Assignment: Reproduce, exactly and only, the lines of the data that follows from the one containing "8GB / 256GB SSD" down to the one containing "A supporto delle", without pictures.
++++ Provided data ++++
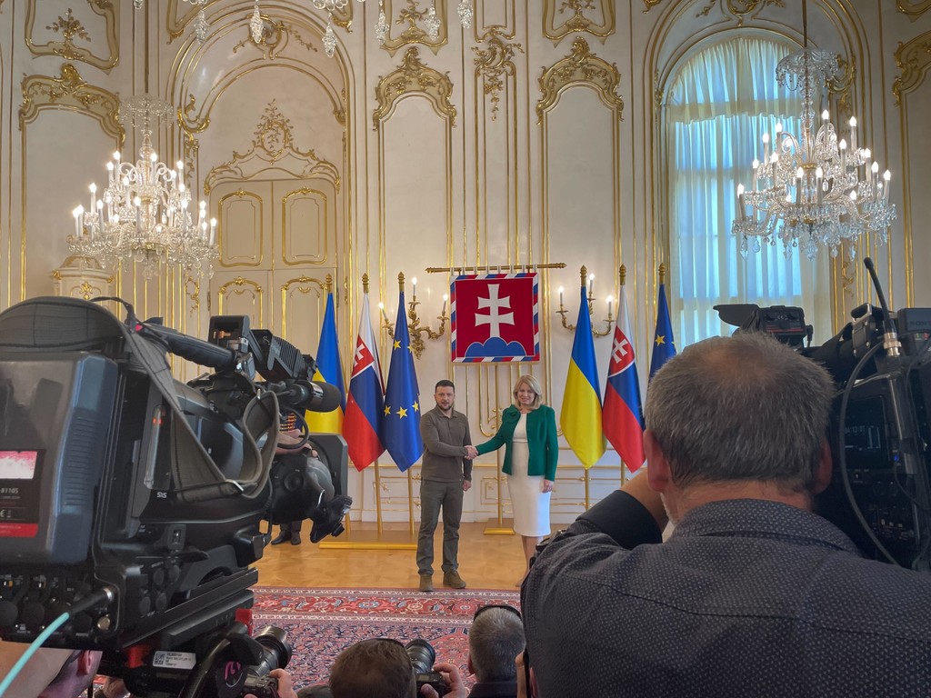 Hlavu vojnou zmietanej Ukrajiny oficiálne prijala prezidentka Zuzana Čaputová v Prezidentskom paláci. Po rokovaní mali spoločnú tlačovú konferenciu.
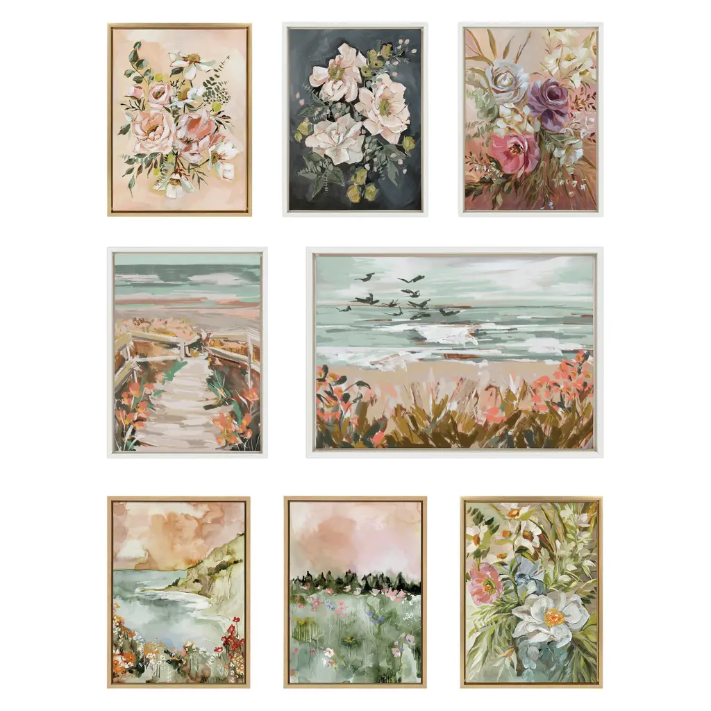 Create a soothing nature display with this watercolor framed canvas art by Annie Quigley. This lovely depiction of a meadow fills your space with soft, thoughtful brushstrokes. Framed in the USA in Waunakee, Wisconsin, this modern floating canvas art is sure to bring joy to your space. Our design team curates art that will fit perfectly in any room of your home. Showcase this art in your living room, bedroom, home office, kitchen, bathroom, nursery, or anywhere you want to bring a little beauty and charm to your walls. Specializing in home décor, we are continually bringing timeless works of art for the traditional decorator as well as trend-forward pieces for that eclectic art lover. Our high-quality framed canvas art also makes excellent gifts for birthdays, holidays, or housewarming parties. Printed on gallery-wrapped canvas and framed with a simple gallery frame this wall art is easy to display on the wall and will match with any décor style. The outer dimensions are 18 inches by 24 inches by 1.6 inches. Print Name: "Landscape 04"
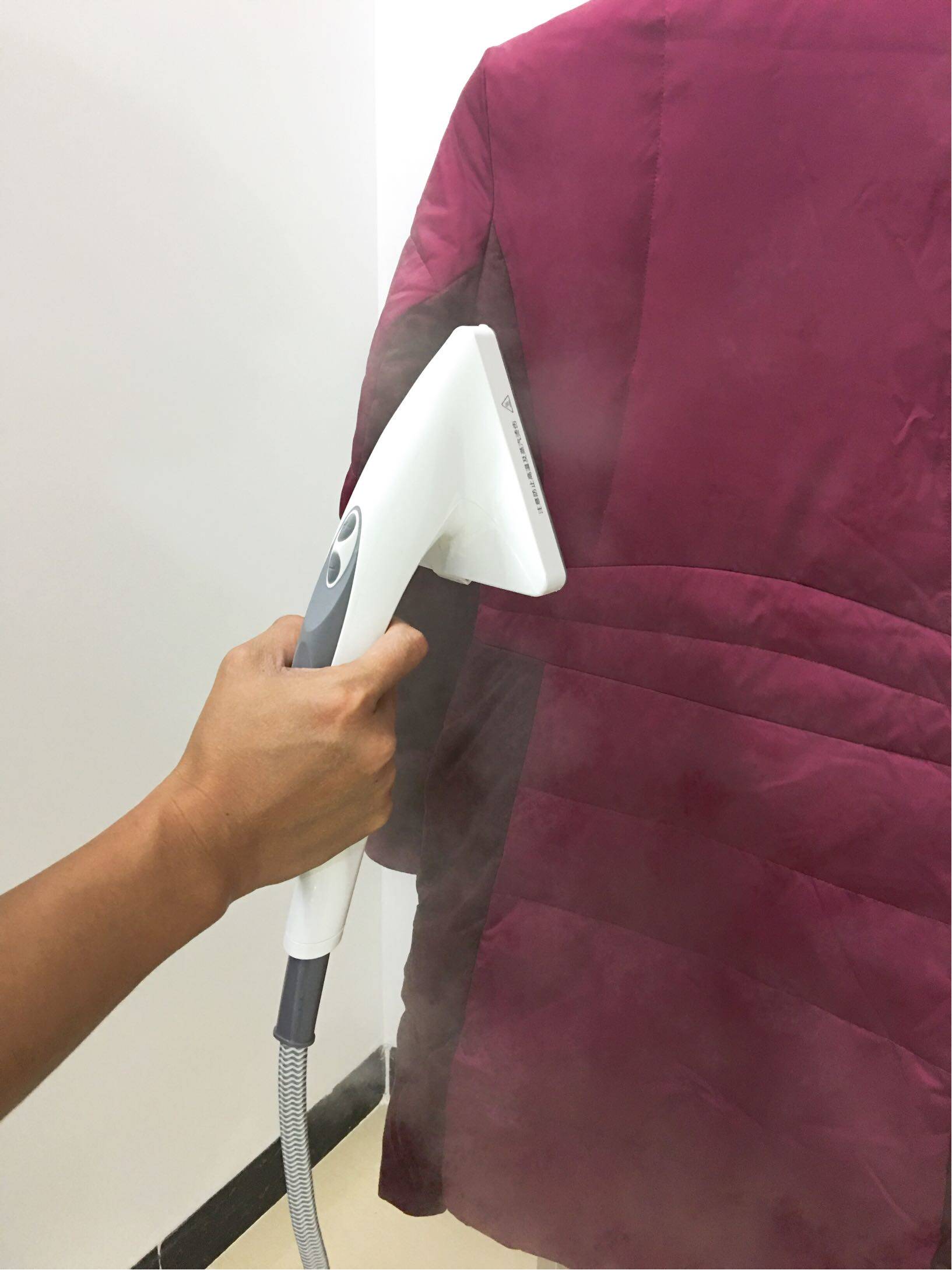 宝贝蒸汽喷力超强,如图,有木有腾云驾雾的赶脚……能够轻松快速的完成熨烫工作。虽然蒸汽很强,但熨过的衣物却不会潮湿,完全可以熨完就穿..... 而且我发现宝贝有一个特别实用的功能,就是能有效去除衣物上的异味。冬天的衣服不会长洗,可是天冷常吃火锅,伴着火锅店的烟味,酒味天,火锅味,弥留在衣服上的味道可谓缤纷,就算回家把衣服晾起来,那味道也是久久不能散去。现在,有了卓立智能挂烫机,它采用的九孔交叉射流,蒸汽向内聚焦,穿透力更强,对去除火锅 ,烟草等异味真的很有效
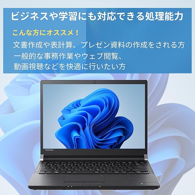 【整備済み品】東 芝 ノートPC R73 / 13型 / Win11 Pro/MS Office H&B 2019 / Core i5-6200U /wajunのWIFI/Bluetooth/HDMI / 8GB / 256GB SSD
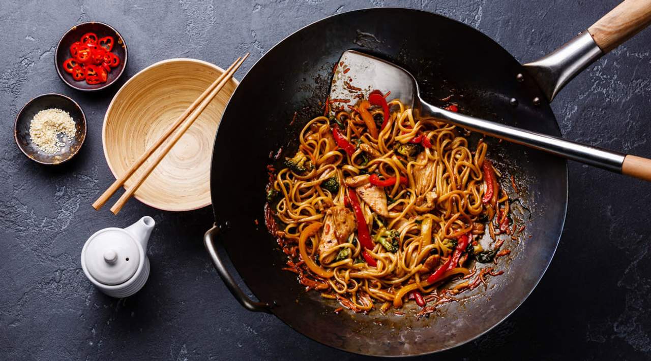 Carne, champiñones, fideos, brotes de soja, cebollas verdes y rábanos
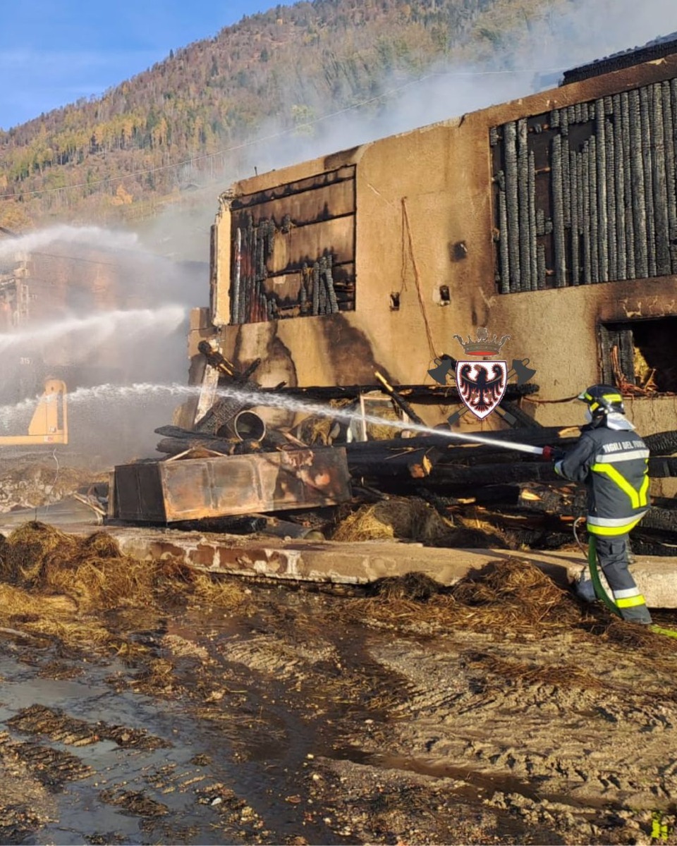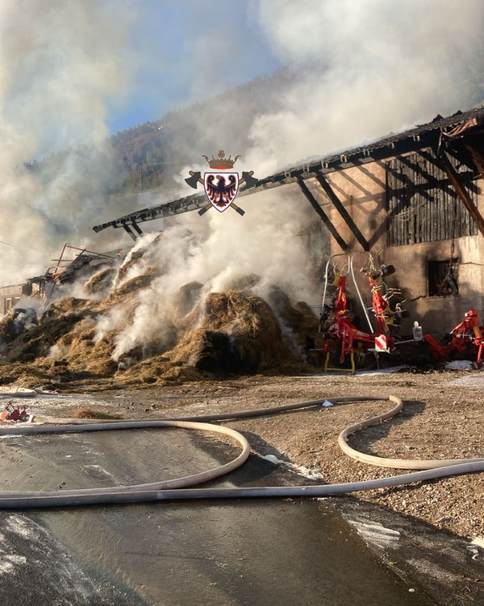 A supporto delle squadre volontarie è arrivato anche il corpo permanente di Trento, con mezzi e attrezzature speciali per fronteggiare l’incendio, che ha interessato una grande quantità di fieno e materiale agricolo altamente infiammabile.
++++
++++ Provided data ++++
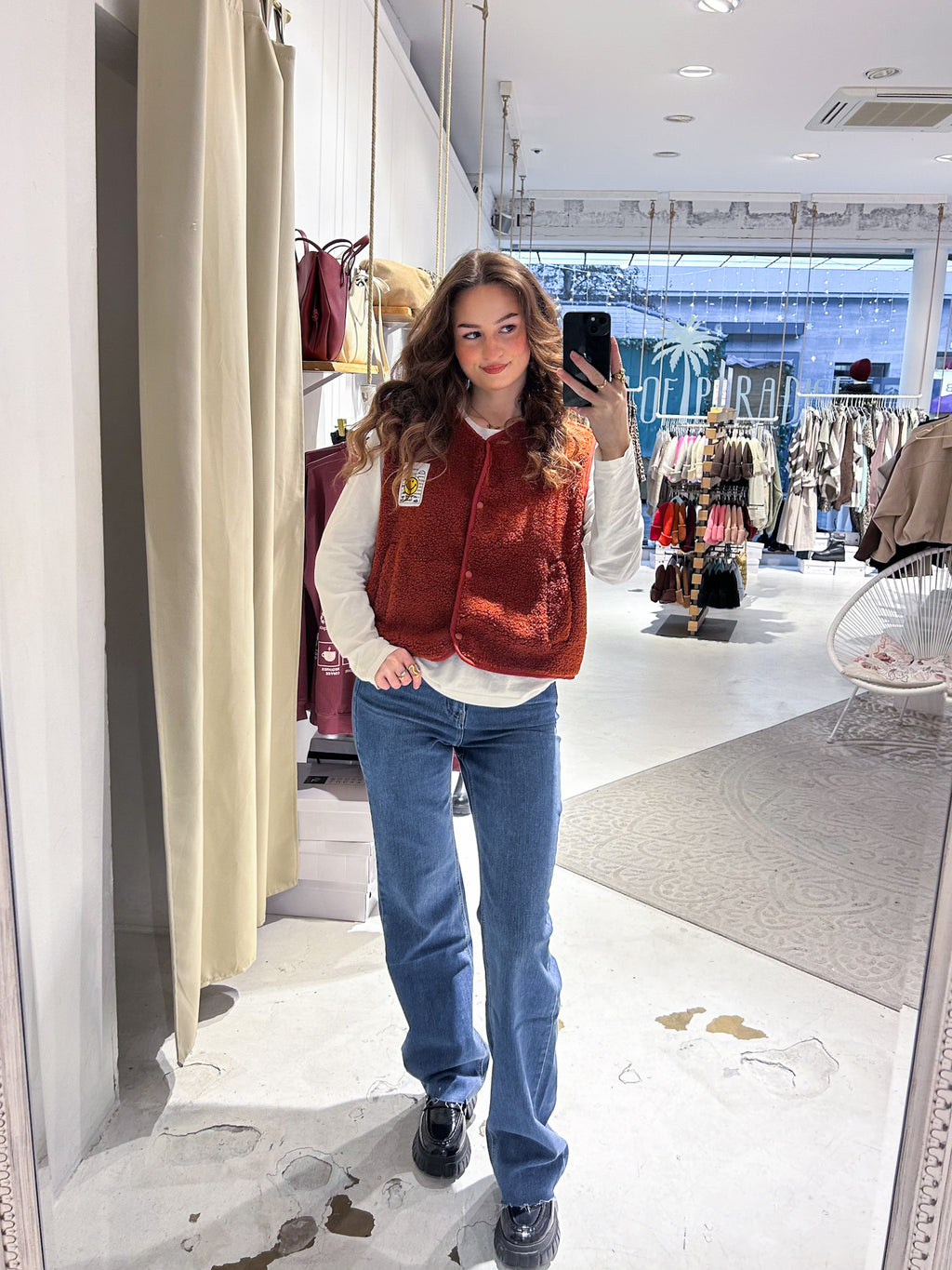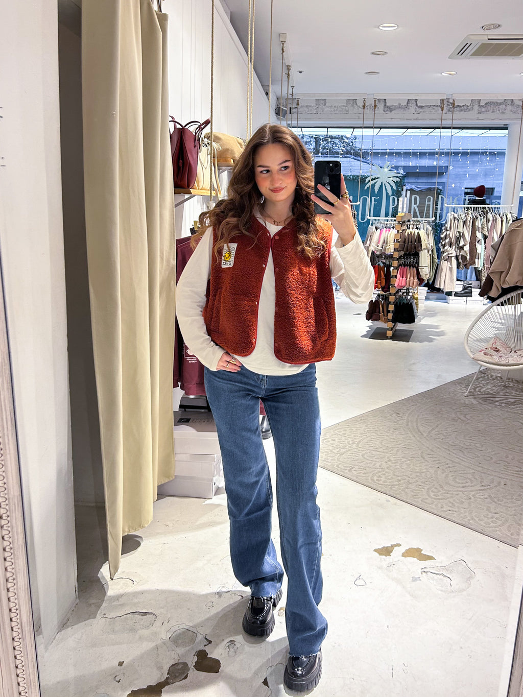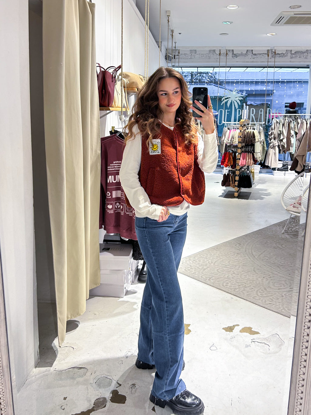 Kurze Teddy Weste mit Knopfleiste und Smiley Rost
++++
++++ Provided data ++++
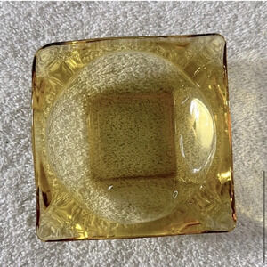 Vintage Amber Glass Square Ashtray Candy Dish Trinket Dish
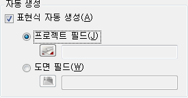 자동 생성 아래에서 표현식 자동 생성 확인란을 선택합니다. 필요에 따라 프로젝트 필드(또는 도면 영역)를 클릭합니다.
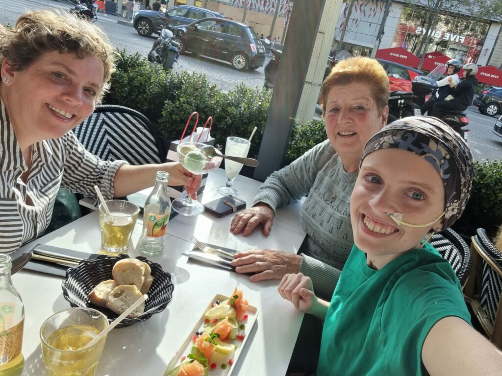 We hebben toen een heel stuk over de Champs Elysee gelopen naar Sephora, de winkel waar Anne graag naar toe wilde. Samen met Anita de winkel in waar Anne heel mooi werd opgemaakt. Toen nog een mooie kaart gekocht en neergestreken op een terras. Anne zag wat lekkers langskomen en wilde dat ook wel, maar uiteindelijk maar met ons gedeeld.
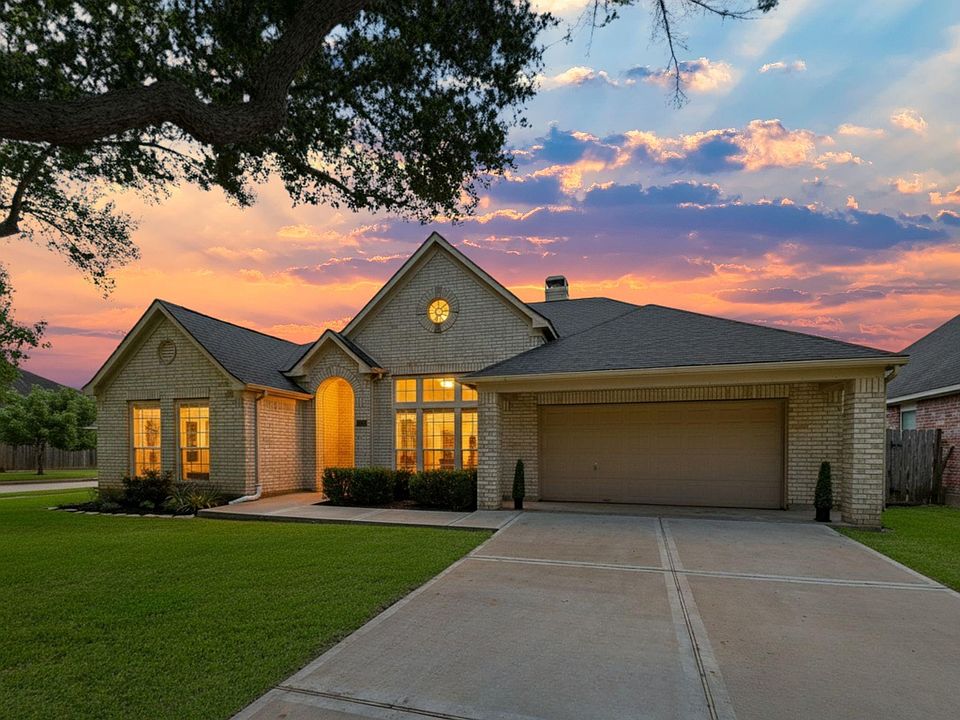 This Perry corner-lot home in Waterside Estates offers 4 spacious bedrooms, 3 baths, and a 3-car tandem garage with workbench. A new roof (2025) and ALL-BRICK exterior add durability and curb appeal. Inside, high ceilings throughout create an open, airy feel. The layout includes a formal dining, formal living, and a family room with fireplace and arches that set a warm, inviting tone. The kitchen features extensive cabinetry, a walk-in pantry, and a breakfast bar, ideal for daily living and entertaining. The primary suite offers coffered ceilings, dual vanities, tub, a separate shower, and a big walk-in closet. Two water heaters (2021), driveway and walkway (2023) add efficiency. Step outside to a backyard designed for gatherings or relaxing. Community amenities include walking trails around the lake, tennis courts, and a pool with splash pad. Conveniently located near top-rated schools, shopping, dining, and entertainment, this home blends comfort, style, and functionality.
++++
Solution to this task:
 【整備済み品】東 芝 ノートPC R73 / 13型 / Win11 Pro/MS Office H&B 2019 / Core i5-6200U /wajunのWIFI/Bluetooth/HDMI / 8GB / 256GB SSD
 Carne, champiñones, fideos, brotes de soja, cebollas verdes y rábanos
 A supporto delle squadre volontarie è arrivato anche il corpo permanente di Trento, con mezzi e attrezzature speciali per fronteggiare l’incendio, che ha interessato una grande quantità di fieno e materiale agricolo altamente infiammabile.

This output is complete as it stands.